Prompt caching is enabled on every shared-server request via cache_prompt: true. AC currently uses a single shared slot and relies on the fact that the monitoring/system prompts are prefix-stable, so no explicit slot management is needed.

KV-cache quantization is a memory-saving tradeoff for local monitoring: q8 K/V materially lowers cache RAM pressure while keeping quality stable on the small Q4/Q5 local models AC targets for v1.0.

Local prompt budgets

The default staged local runtime profile in ACShared/ACPromptSets.swift currently uses:

Stage	ctxSize	batchSize	ubatchSize
`perception_vision`	6144	2048	512
`perception_title`	2048	512	256
`decision`	3072	512	256
`online_decision`	3072	512	256
`nudge_copy`	2048	512	256
`appeal_review`	2048	512	256
`policy_memory`	3072	512	256
`safelist_appeal`	2048	768	384

The shared server therefore runs at the largest requested capacity (ctxSize = 6144 for the vision stage) and smaller text stages reuse that server without forcing a restart.

Prompt overflow guard

PromptBudgetGuard sits in front of local shared-server requests. It:

estimates prompt size heuristically from text length plus vision tile count
prefers preserving the rendered text payload intact: when the heuristic says a request is too large, AC first grows the per-request shared-server context budget (up to a bounded ceiling) instead of immediately trimming text
on vision requests, progressively reduces the image max dimension before falling back to text truncation
optionally calls POST /tokenize on the local llama-server when the heuristic is already close to the context limit
only as a last resort, trims the user-prompt tail proportionally and verifies the reduced prompt once via /tokenize
records prompt_budget_truncated telemetry/activity when truncation actually happens

If tokenization fails or times out, AC falls back to the heuristic path and continues the request rather than blocking inference.
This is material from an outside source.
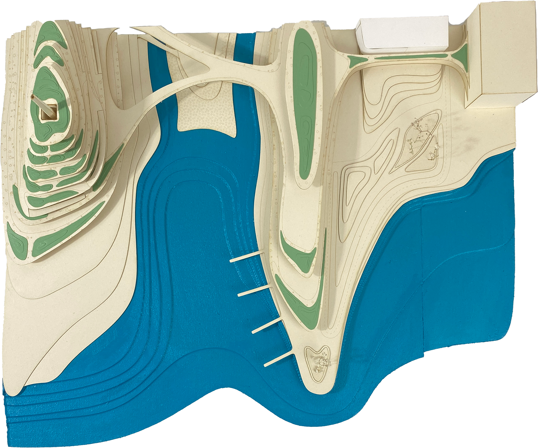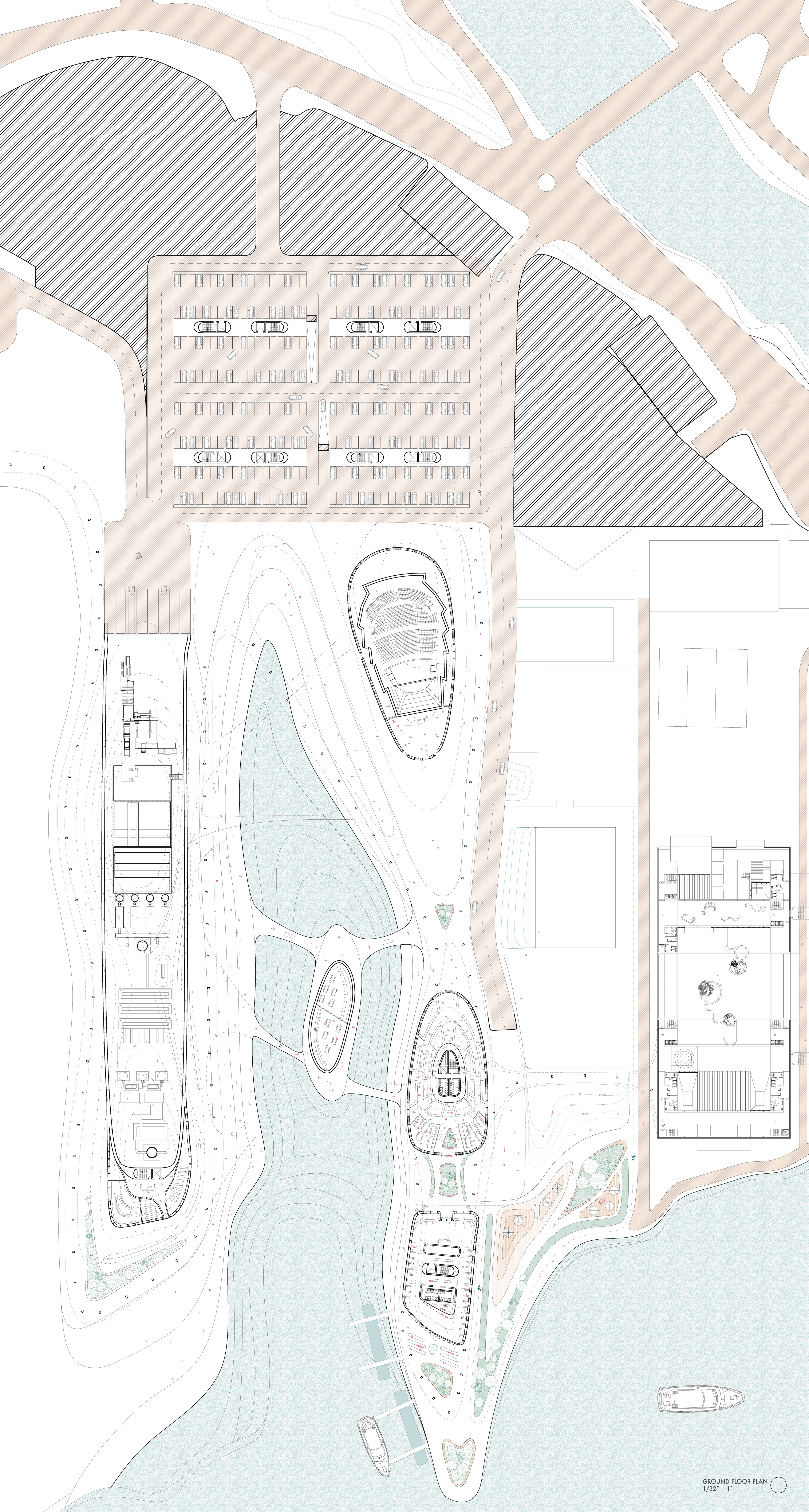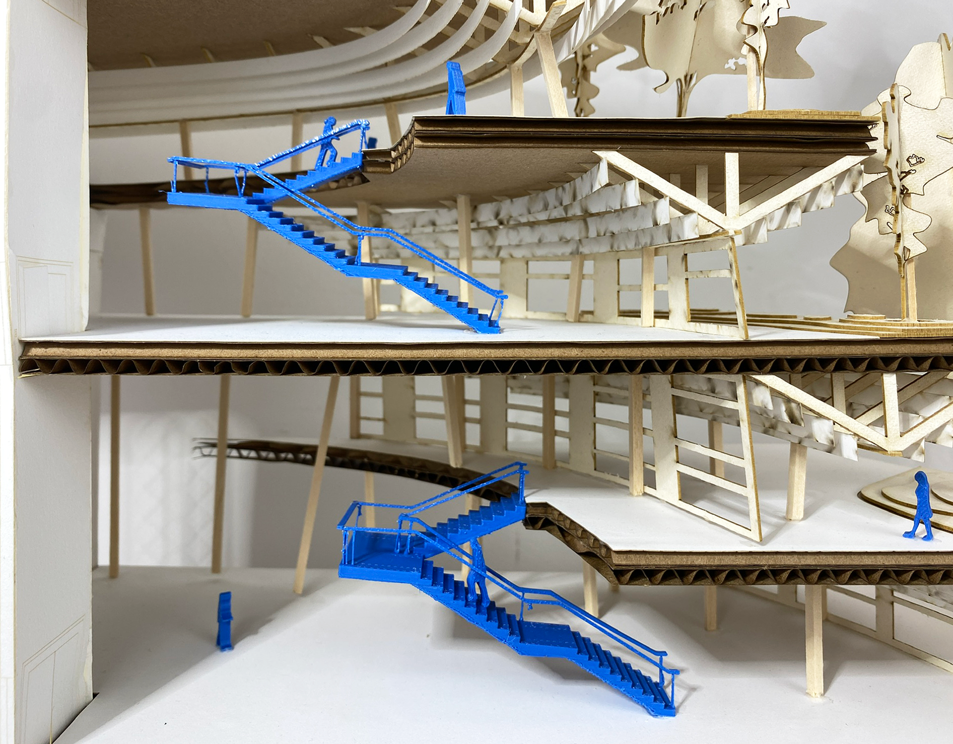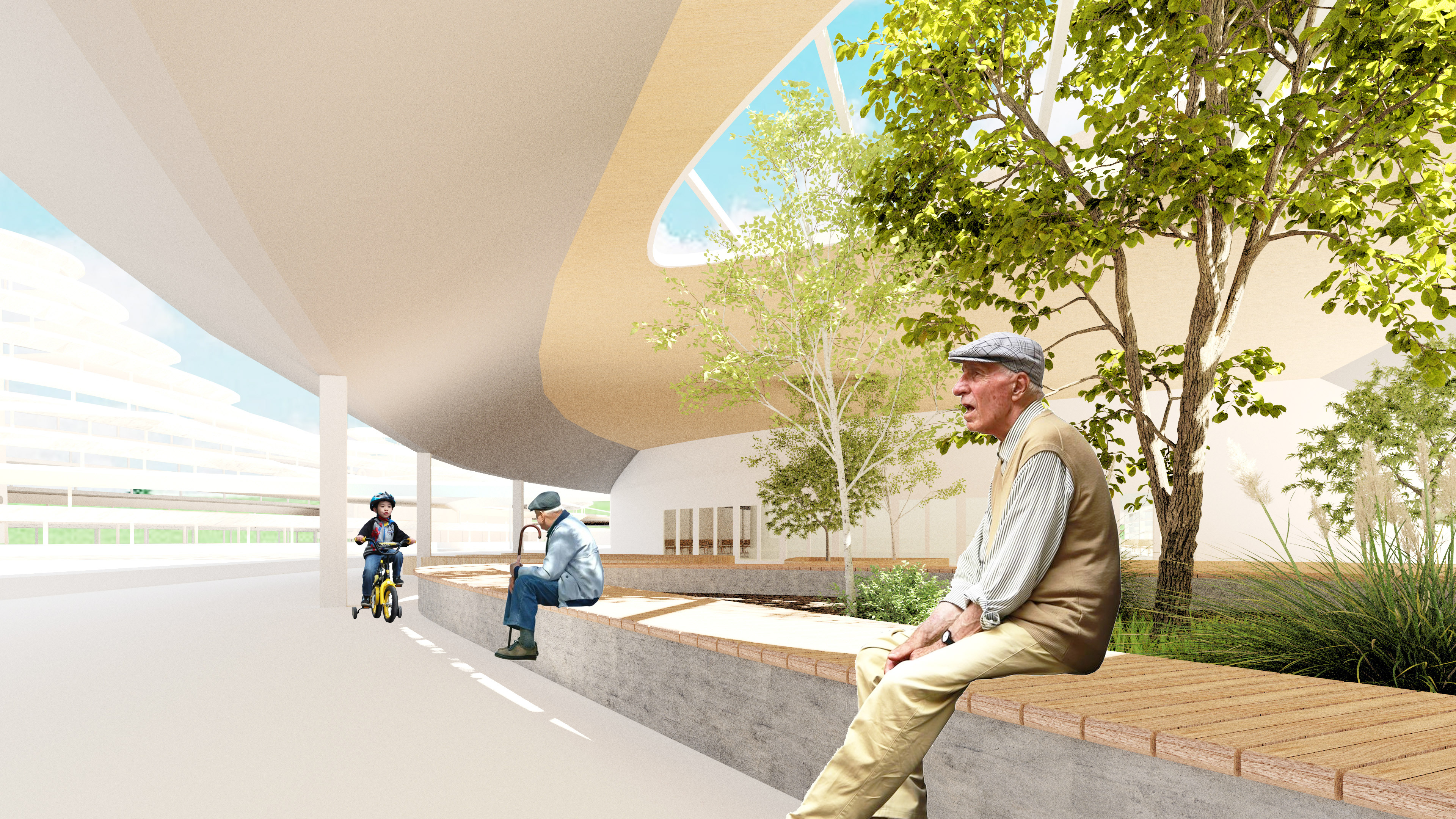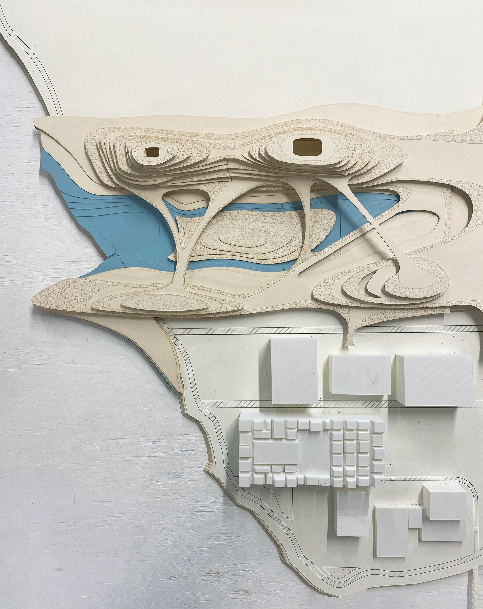 The waste to energy plant provides clean energy to the city of Rosario. The surrounding park is created with topographical layers from a mountainous encompassing structure, with the deeper interior areas of the platforms transformed into learning and working centers with double height spaces.

Monitoring Backend Selection

MonitoringConfiguration.inferenceBackend selects the backend:

.local
.openRouter

The current default is local inference.

When local inference is active and macOS Low Power Mode is on, AppController sets localModelLowPowerNotice = true. ChatPanelView renders this as a dismissible yellow banner. The notice auto-clears when either condition goes away and the dismissed state resets at that point so it reappears if the user re-enters the same condition.

Model selection is split by text vs image where supported:

onlineModelIdentifierText
onlineModelIdentifierImage
localModelIdentifierText
localModelIdentifierImage

AITier supplies the user-facing defaults.

Limited Trial Redemption

The onboarding wizard includes an optional promo-code step before normal backend selection.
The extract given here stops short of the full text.